● **Problem details**
Would you restate, word for word, only the lines starting at the one with "v skorom stadiu." and ending with the final line of the entries below? Pictures stay out.

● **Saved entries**
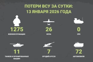 Минобороны РФ опубликовало данные о потерях ВСУ за 12 января 2026 года. Противник не досчитался 1265 военнослужащих.
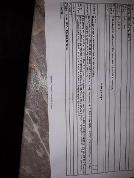@jarmila1955 A taktiez som nikdy nemala zhorsene cyto ani ziadne problemy, poctivo som bola kazdy.rok na preventivke a 2 roky predtym som mala lbc. vsetko bolo ok, nebola som v tom obdobi chora, ziaden stres, cvicila som, a zrazu bum karcinom. Lekar mi vravel ze je vela takychto pripadov dolezite ze sa to zachytilo vcas. Takze.ani sa netrap preco atd. Je super ze.ti to zistili v skorom stadiu.
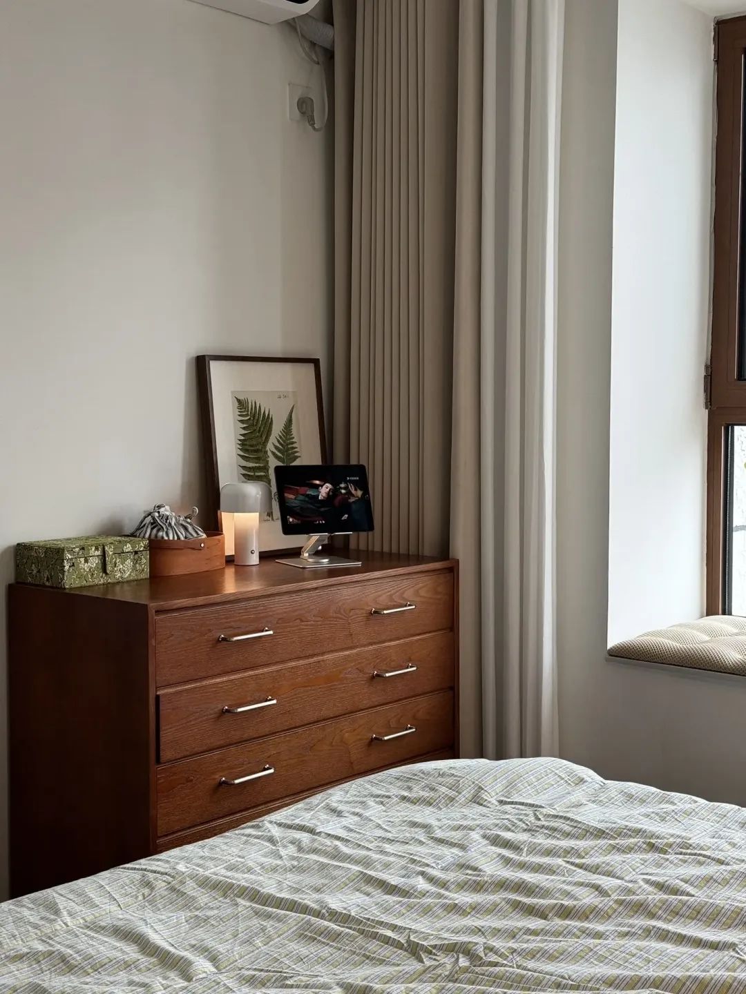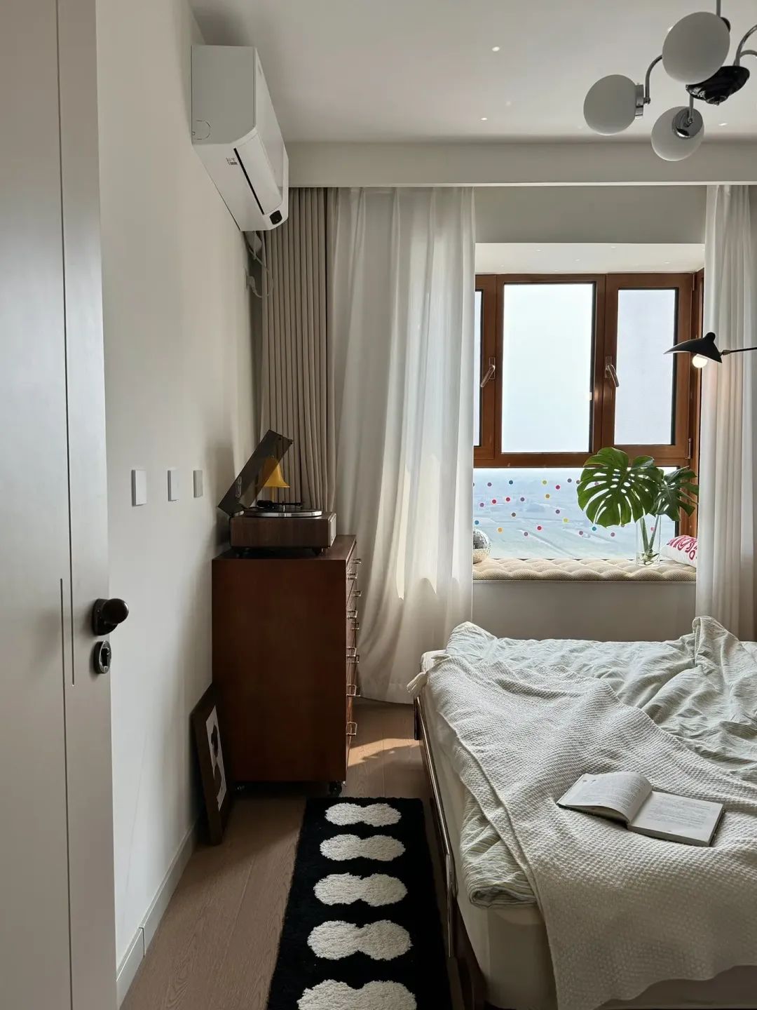 软装以暖白色➕原木色配色为主,不放太多杂乱的摆件空间也显大了不少。
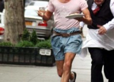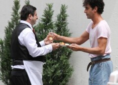 Borata lomas atveidotājs zog ēdienu no kafejnīcas apmeklētāju galda
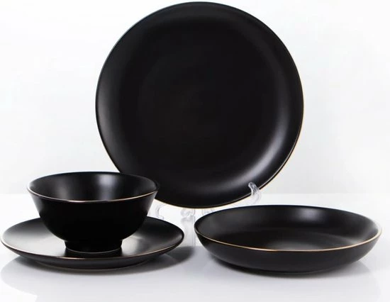 Eet samen met je gezin en gasten in stijl met deze bijzonder en uniek 6 persoons serviesset. Een prachtige complete set glanzend en volledig zwart met gouden randen. Zwart goud servies straalt luxe uit en past in veel interieurs.
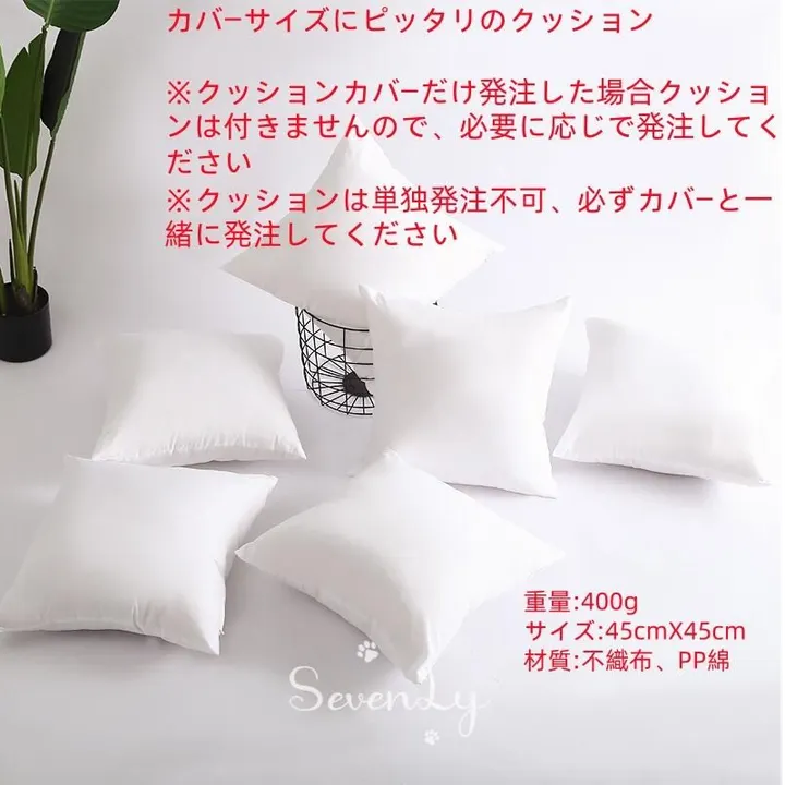 オプション:無地白クッション(400g、45㎝*45㎝)※単独発注不可、必ずカバーと一緒に発注してください。

● **Solution below**
@jarmila1955 A taktiez som nikdy nemala zhorsene cyto ani ziadne problemy, poctivo som bola kazdy.rok na preventivke a 2 roky predtym som mala lbc. vsetko bolo ok, nebola som v tom obdobi chora, ziaden stres, cvicila som, a zrazu bum karcinom. Lekar mi vravel ze je vela takychto pripadov dolezite ze sa to zachytilo vcas. Takze.ani sa netrap preco atd. Je super ze.ti to zistili v skorom stadiu.
 软装以暖白色➕原木色配色为主,不放太多杂乱的摆件空间也显大了不少。
 Borata lomas atveidotājs zog ēdienu no kafejnīcas apmeklētāju galda
 Eet samen met je gezin en gasten in stijl met deze bijzonder en uniek 6 persoons serviesset. Een prachtige complete set glanzend en volledig zwart met gouden randen. Zwart goud servies straalt luxe uit en past in veel interieurs.
 オプション:無地白クッション(400g、45㎝*45㎝)※単独発注不可、必ずカバーと一緒に発注してください。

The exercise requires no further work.